■ Exercise prompt ■
Copy each line of the listing below exactly and drop the images.

■ Stored data ■
=-=-=-=-=

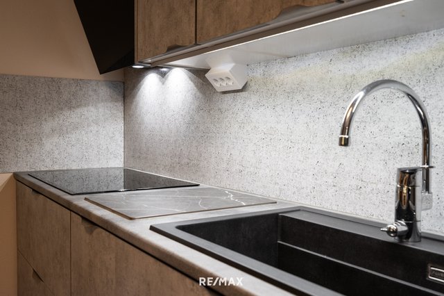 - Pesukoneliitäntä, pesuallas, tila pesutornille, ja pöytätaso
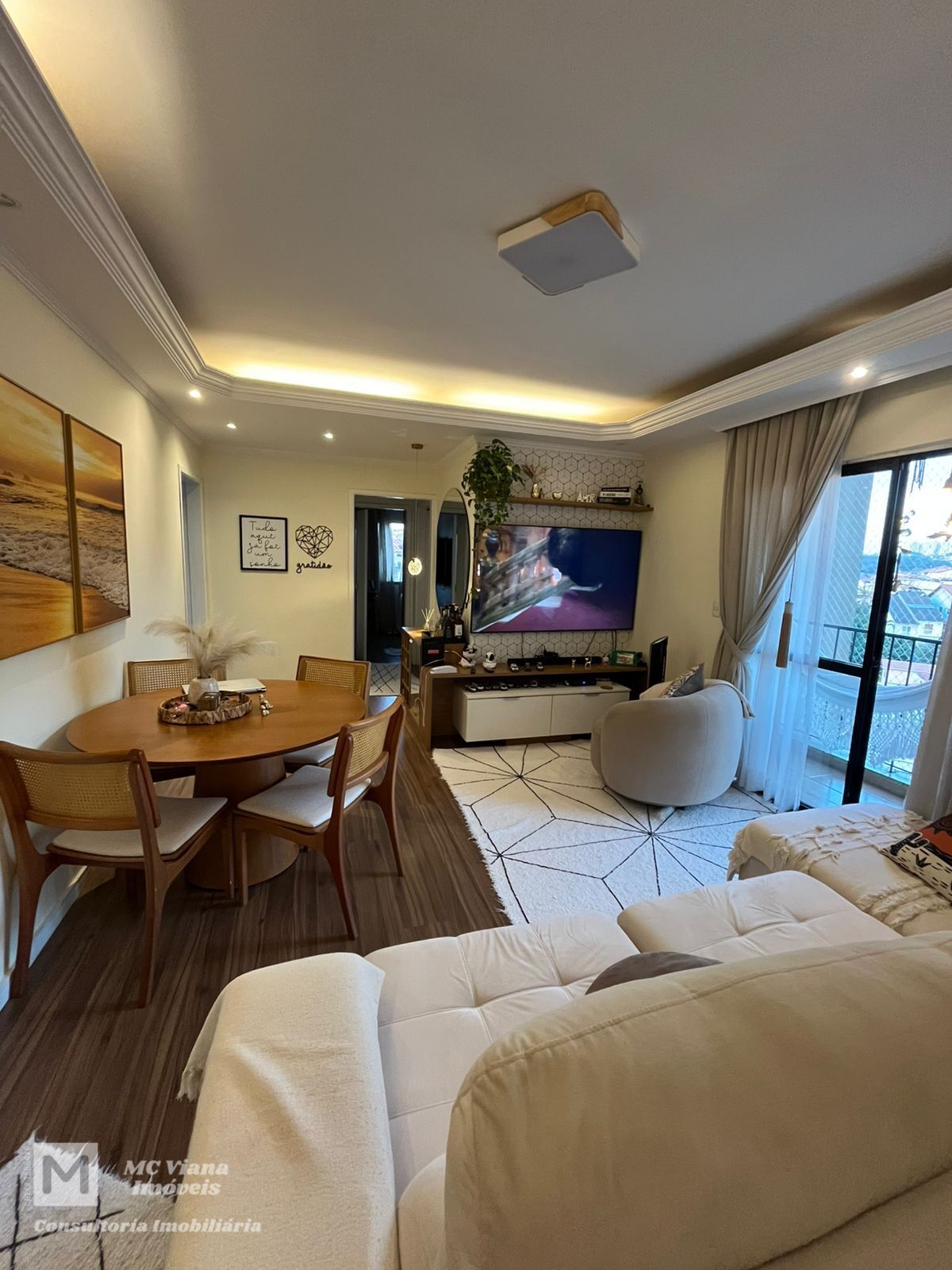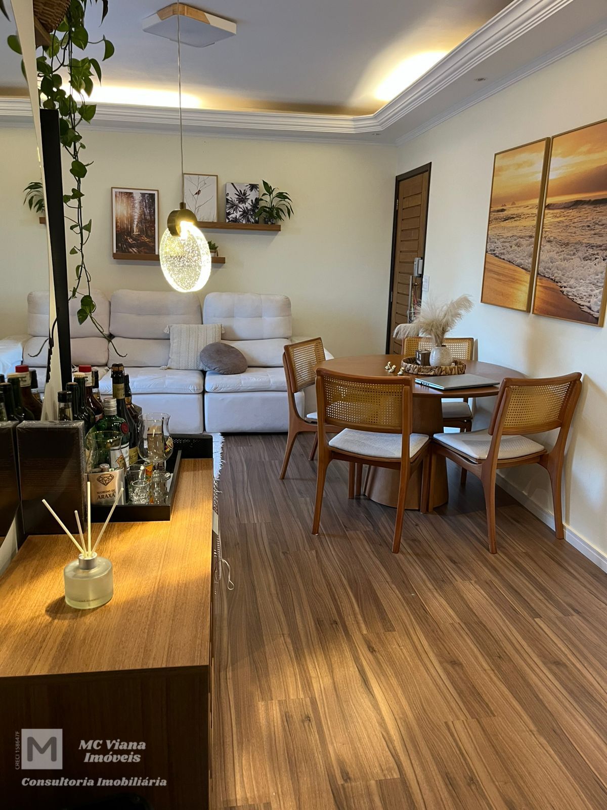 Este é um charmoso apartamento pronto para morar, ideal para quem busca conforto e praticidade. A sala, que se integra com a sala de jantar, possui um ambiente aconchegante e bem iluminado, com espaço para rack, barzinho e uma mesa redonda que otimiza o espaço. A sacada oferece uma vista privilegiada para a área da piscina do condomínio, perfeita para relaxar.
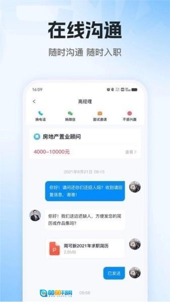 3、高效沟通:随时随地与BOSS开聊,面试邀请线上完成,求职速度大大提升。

=-=-=-=-=

■ Response box ■
 - Pesukoneliitäntä, pesuallas, tila pesutornille, ja pöytätaso
 Este é um charmoso apartamento pronto para morar, ideal para quem busca conforto e praticidade. A sala, que se integra com a sala de jantar, possui um ambiente aconchegante e bem iluminado, com espaço para rack, barzinho e uma mesa redonda que otimiza o espaço. A sacada oferece uma vista privilegiada para a área da piscina do condomínio, perfeita para relaxar.
 3、高效沟通:随时随地与BOSS开聊,面试邀请线上完成,求职速度大大提升。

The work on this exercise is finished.